Please use this identifier to cite or link to this item: http://hdl.handle.net/1893/33208
Appears in Collections:Management, Work and Organisation eTheses
Title: How Sensemaking Processes Influence Organisational Decision Making
Author(s): Poopalasingam, Phuspamalar
Supervisor(s): Mallett, Oliver
Keywords: sensemaking
sensegiving
sensereceiving
decision-making
influence
Issue Date: 30-Dec-2020
Publisher: University of Stirling
Abstract: This research explores how sensemaking processes impact decision-making in organisations. Doing so raises a fundamental question asking how communicative and sensemaking processes influence decision-making outcomes. The main motivation for conducting the study was to determine how organisational decision-making processes were impacted by the action of managers and organisational members. Some of the gaps in the literature were addressed by investigating the complexity in decision-making involving the sensemaking processes, including internal / external environmental factors affecting their outcome.

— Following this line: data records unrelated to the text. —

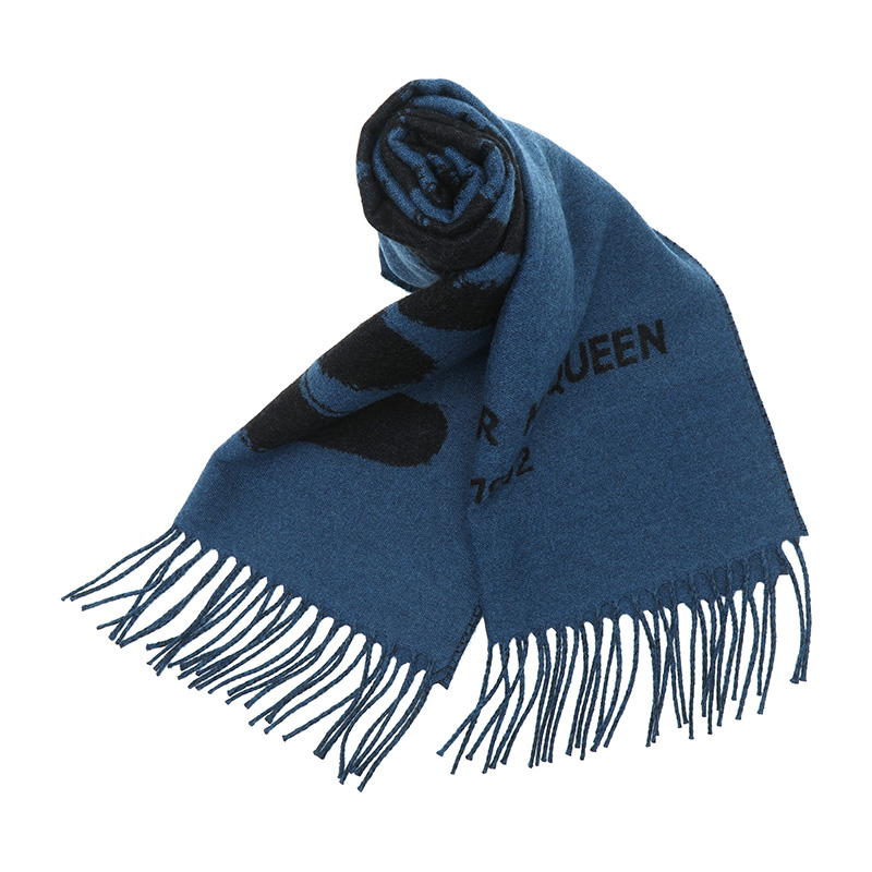 Шарф вязаный унисекс темно-синий Alexander McQueen
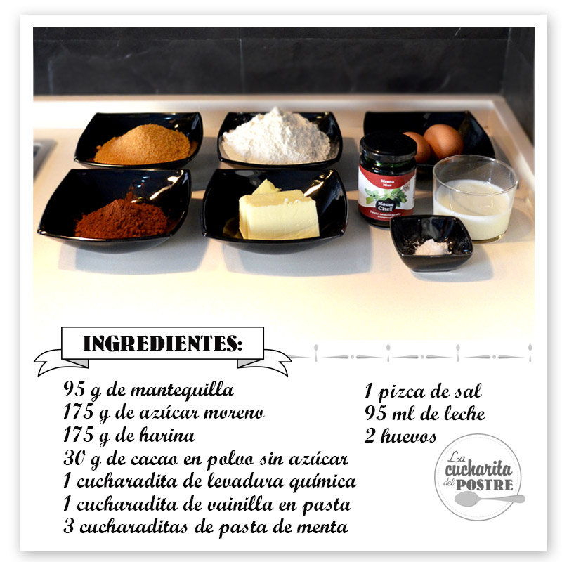 Ahí puedes encontrar los ingredientes necesarios según la cantidad de cupcakes que te salgan (para 6-8 cupcakes o para 12-16 cupcakes). Sólo debes añadir a los ingredientes unas cucharaditas de pasta concentrada de menta.
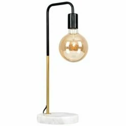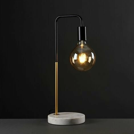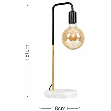 Retro style metal rod frame table lamp in a matt black and gold effect finish with a white solid marble base. This lamp is constructed from high quality materials and the marble base makes this lamp extremely sturdy. This contemporary table lamp is guaranteed to make a statement in any home.
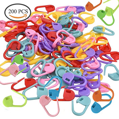 Knitting Stitch Marker 200 PCS Crochet Stitch Counters 10 Colors Stitch Holder Plastic Safety Pins for Knitting
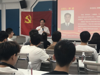 在交流环节中,同学们积极提问,钟诚老师耐心解答。他向同学们讲述了自己作为一名党员、一名专业教师、广西首批科学家精神宣讲团成员持续学习、不断实践的初心,并以此激励青年员工对科学的热爱和追求;同时,他向同学们提出了3个方面的建议:一是在政治思想上,要坚定不移听党话跟党走,以服务人民为自我目标;二是在学习科研上,要勤奋钻研,以勤补拙,积极参加研讨班、学术会议交流,以了解最新学科发展动态和研究热点,善于思考,富于联想,持之以恒,勇于实践;三是努力养成好的生活习惯,以多种方式加强身体素质锻炼,保持心态阳光、昂扬向上的精神状态。
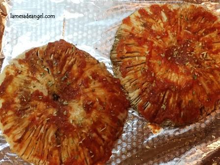 Una forma distinta de comer los parasoles: utilizarlos como base de pizza, y encima te quitas le masa que engorda más. Lo malo es que no suelen venderlos en las tiendas y eso que este año ha sido muy bueno. El truco para distinguirlas de las malas es que el anillo deslice por el pie. Y como siempre si dudas consulta o no la cojas. A disfrutar

Semi-structured interviews were conducted at a non-profit organisation to collect information, through direct observation of behaviour, examining what influence they had on decision-making processes. Carefully examining the sensemaking processes influencing decision-making, captured the unexplored connections, implications and nuances that constrain organisational decision-making. The concept of sensereceiving which formed the central focus of this study, advances the current literature to make the following contributions: Firstly, it highlights sensereceiving as the key that increases decision quality with the inclusion of more relevant and comprehensive inputs towards the decision-making process. Secondly, decision outcome implementation, increases in effectiveness because of high sensereceiving which strengthens commitment and engagement. Thirdly, organisational efficiency is potentially increased through high sensereceiving because it averts the loss of emotional energy. Finally, sensereceiving impacts are equally as powerful from managers to employees as they are from employees to managers. These findings offer researchers and practitioners a deeper and richer understanding of decision-making processes in organisations.